* Exercise goal *
Reproduce the lines below exactly. Skip images.

══ Supplied data

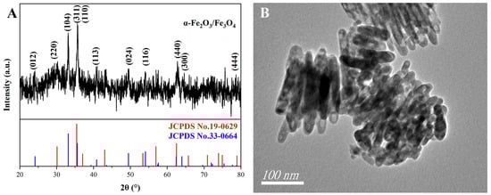 Taking β-FeOOH NRs as precursors, α-Fe2O3/Fe3O4 MNCs were prepared via the combustion-reduction process with galactose as a reducing agent. Figure 8 shows the XRD pattern and the TEM image of α-Fe2O3/Fe3O4 MNCs calcined at 300 °C for 1.5 h with a mass ratio of 1:2 for β-FeOOH NRs and galactose. The XRD pattern (Figure 8A) showed that the X-ray diffraction peaks at a 2θ of 30.1°, 35.4°, 62.5°, and 78.9° corresponded to the Fe3O4 standard card (JCPDS No. 19-0629), while the X-ray diffraction peaks at 24.1°, 33.2°, 35.6°, 40.8°, 49.5°, 54.1°, and 64.0° corresponded to the standard card of α-Fe2O3 (JCPDS No. 33-0664), which confirmed the existence of α-Fe2O3 and Fe3O4 phases in the product. The TEM image (Figure 8B) confirmed the rod-like structure of the α-Fe2O3/Fe3O4 MNCs, with an average diameter and length of 23.9 nm and 81.6 nm.
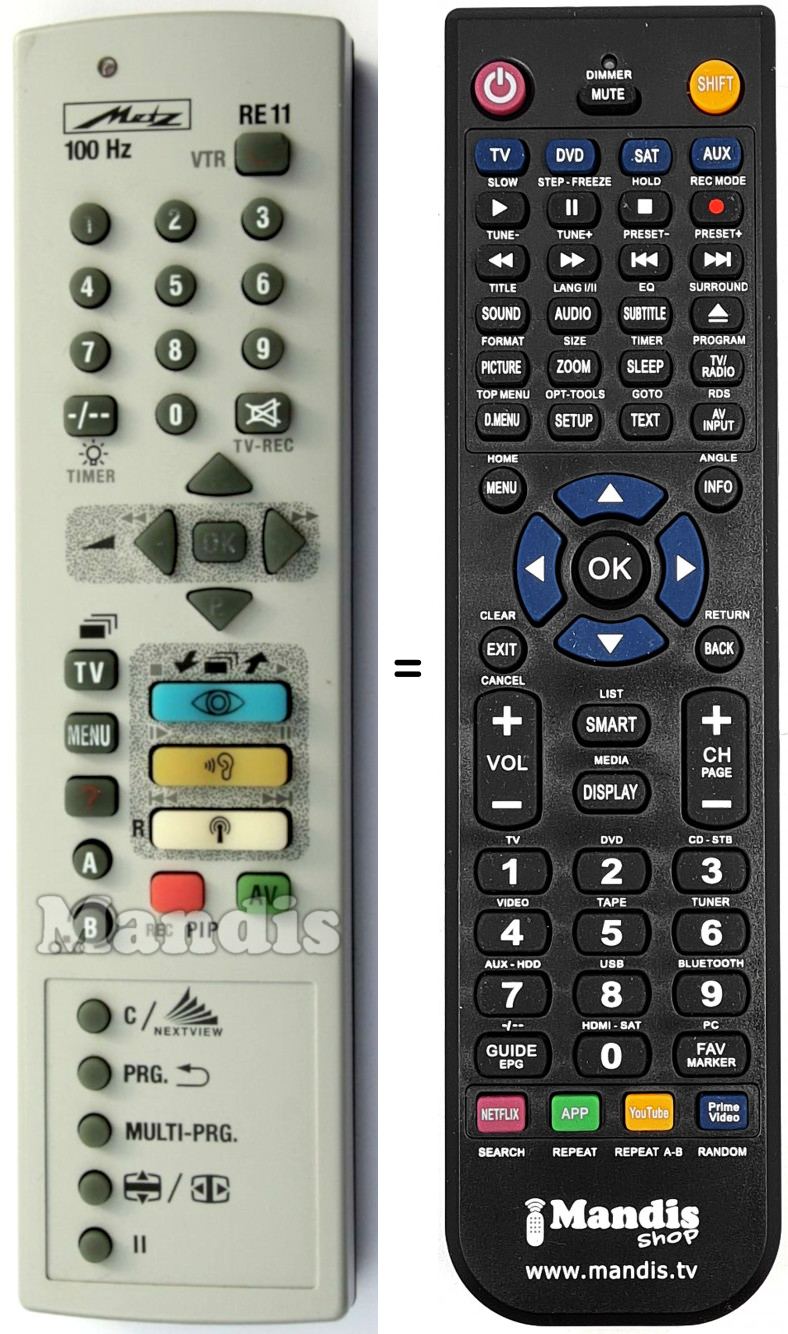 Telecomando che sostituisce l’originale RE 11 (600RE1167KD) in tutte le sue funzioni.
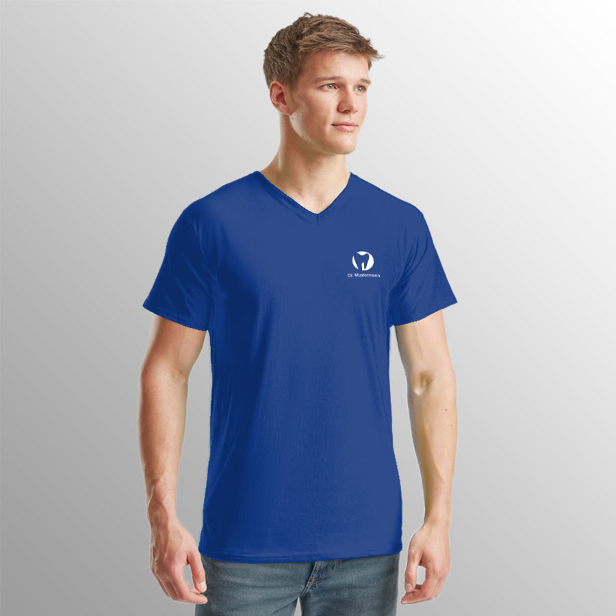 Die Herrenshirts sind mit Rundhals-Ausschnitt oder V-Ausschnitt in den Größen S–3XL erhältlich und bestehen aus 100% Baumwolle.
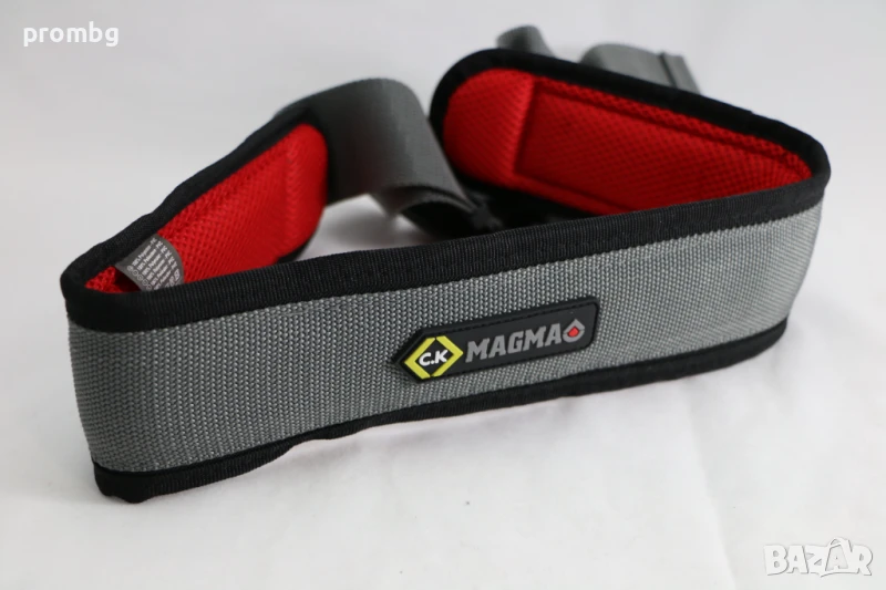 работен колан за инструменти, английски, внос от Германия. Марка CK Magma - Великобритания. Изключително здрав и удобен за работа, регулира се от 80 см до 115 см. Ширина 7,5 см. Лесно и бързо се закопчава и откопчава. Тегло: 170 гр.

════

* Task result *
 Taking β-FeOOH NRs as precursors, α-Fe2O3/Fe3O4 MNCs were prepared via the combustion-reduction process with galactose as a reducing agent. Figure 8 shows the XRD pattern and the TEM image of α-Fe2O3/Fe3O4 MNCs calcined at 300 °C for 1.5 h with a mass ratio of 1:2 for β-FeOOH NRs and galactose. The XRD pattern (Figure 8A) showed that the X-ray diffraction peaks at a 2θ of 30.1°, 35.4°, 62.5°, and 78.9° corresponded to the Fe3O4 standard card (JCPDS No. 19-0629), while the X-ray diffraction peaks at 24.1°, 33.2°, 35.6°, 40.8°, 49.5°, 54.1°, and 64.0° corresponded to the standard card of α-Fe2O3 (JCPDS No. 33-0664), which confirmed the existence of α-Fe2O3 and Fe3O4 phases in the product. The TEM image (Figure 8B) confirmed the rod-like structure of the α-Fe2O3/Fe3O4 MNCs, with an average diameter and length of 23.9 nm and 81.6 nm.
 Telecomando che sostituisce l’originale RE 11 (600RE1167KD) in tutte le sue funzioni.
 Die Herrenshirts sind mit Rundhals-Ausschnitt oder V-Ausschnitt in den Größen S–3XL erhältlich und bestehen aus 100% Baumwolle.
 работен колан за инструменти, английски, внос от Германия. Марка CK Magma - Великобритания. Изключително здрав и удобен за работа, регулира се от 80 см до 115 см. Ширина 7,5 см. Лесно и бързо се закопчава и откопчава. Тегло: 170 гр.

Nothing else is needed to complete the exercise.